A number of studies have suggested that protein is the most important macronutrient mediating satiety and leads to increased weight loss with retention of lean body mass. Single meals with increased protein to carbohydrate ratios have also been shown to increase satiety and decrease food intake [5, 6], resulting in both improved weight loss and improved maintenance of weight loss [7–9]. Meal replacement simplifies the weight loss regimens by replacing one or two meals a day with a product of defined nutrient and calorie content. MR leads to increased weight losses over twelve weeks compared to simply restricting favorite food intakes, and weight losses have been maintained for up to five years using MR [10]
An increase in dietary protein content has been proposed to be effective for body weight regulation through effects on satiety, thermogenesis and substrate partitioning. Protein has specific effects on satiety hormones, including PYY 3–36 [11]. When protein replaces carbohydrate within a low-fat diet, reduced insulinemic and glycemic responses have been observed resulting in increased fat oxidation [12]

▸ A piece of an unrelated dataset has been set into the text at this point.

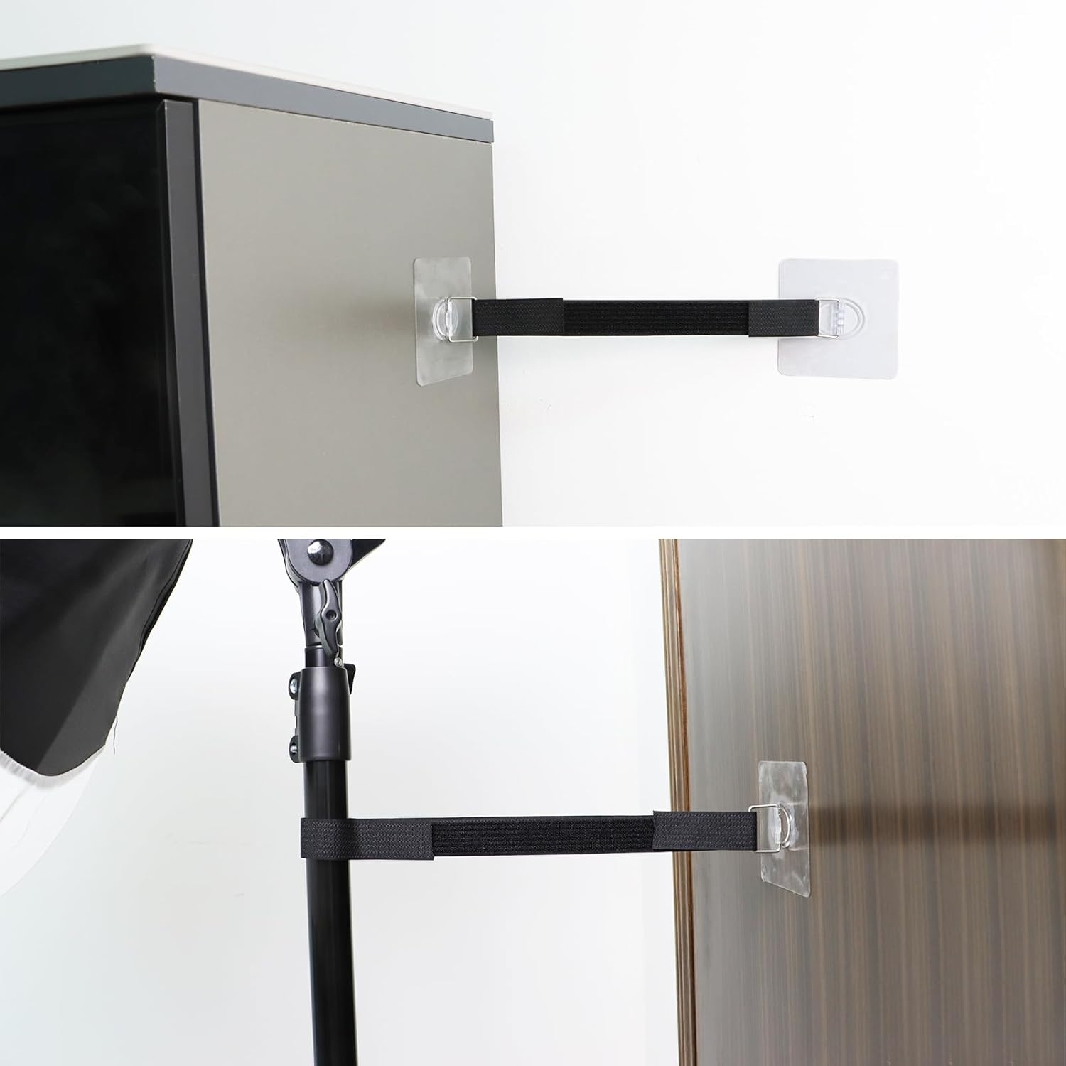 10 Pack Cut to Length TV Safety Straps for Flat Screen, No-Drill Adjustable Anti-Tip Earthquake Straps for TV and Furniture,Including 1in*32ft Hook and Loop Straps with 20 Adhesive Anchors
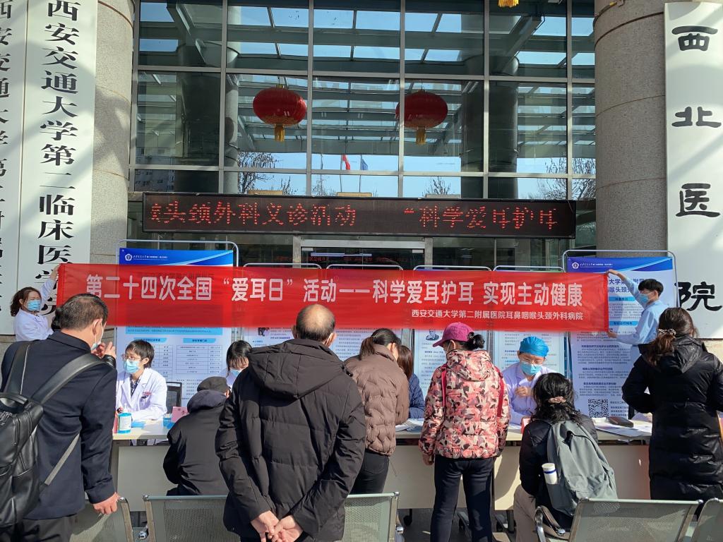 2023年3月3日,第二十四个“全国爱耳日”,活动主题为:科学爱耳护耳,实现主动健康。为深入贯彻落实党的二十大精神和党中央、国务院关于实施健康中国战略的重大决策部署,普及科学爱耳护耳知识,增强公众主动健康意识,树立耳聋防治理念和信心,减少、控制听力损失和残疾的发生,西安交通大学第二附属医院耳鼻咽喉头颈外科病院于3月1—3日举办了"爱耳日"系列科普宣传义诊活动。

The present study was designed to test the hypothesis that simply increasing the protein content of a meal replacement (MR) within a high protein diet without the knowledge of the participant would result in increased weight loss and improved retention of lean body mass in the absence of a resistance exercise program by comparison to standard MR within a standard protein diet. To test the hypothesis, a soy and whey protein powder was used to enrich a standard MR shake in one arm compared to a carbohydrate "placebo" powder added to the same MR shake in the other arm. This novel approach has not been tested previously to our knowledge. To minimize variations based on body composition, the diets were also adjusted so that each subject was instructed to follow a diet which provided either 2.2 gm/kg lean body mass protein in the high protein (HP) group or 1.1 gm protein/kg lean body mass in the standard protein (SP) group. Patients received dietary instruction at baseline, and met with the dietitian at weeks 2, 4 and 8 to assess general compliance and to provide additional supplies of the MR products. Therefore, this study examines the effectiveness of protein enrichment of MR in a realistic outpatient setting on weight loss and retention of lean body mass.
Methods
Subjects were recruited by public advertisement. Subjects over 30 years of age with a body mass index (BMI) between 27 to 40 kg/m2, and in good health by history, physical examination, and basic laboratory screening (complete blood count, serum chemistries, liver panel, and lipid panel) were selected for study. Subjects with type 2 diabetes or glucose intolerance were excluded as were individuals who regularly drank more than one alcoholic beverage daily,
One hundred men and women who met the selection criteria were randomly assigned to either the HP or SP treatment. This was a single-blinded study. The protein powder jars were labeled as either A or B, depending on their protein content. Subjects were randomized in a 1:1 manner to either HP or SP diet for 12 weeks using a computerized random proportion model. Diet plans were individualized per subject. Caloric intake to achieve weight loss was based on a 500 Kcal deficit of the participants' estimated resting metabolic rate as determined by body composition analysis by bioelectrical impedance.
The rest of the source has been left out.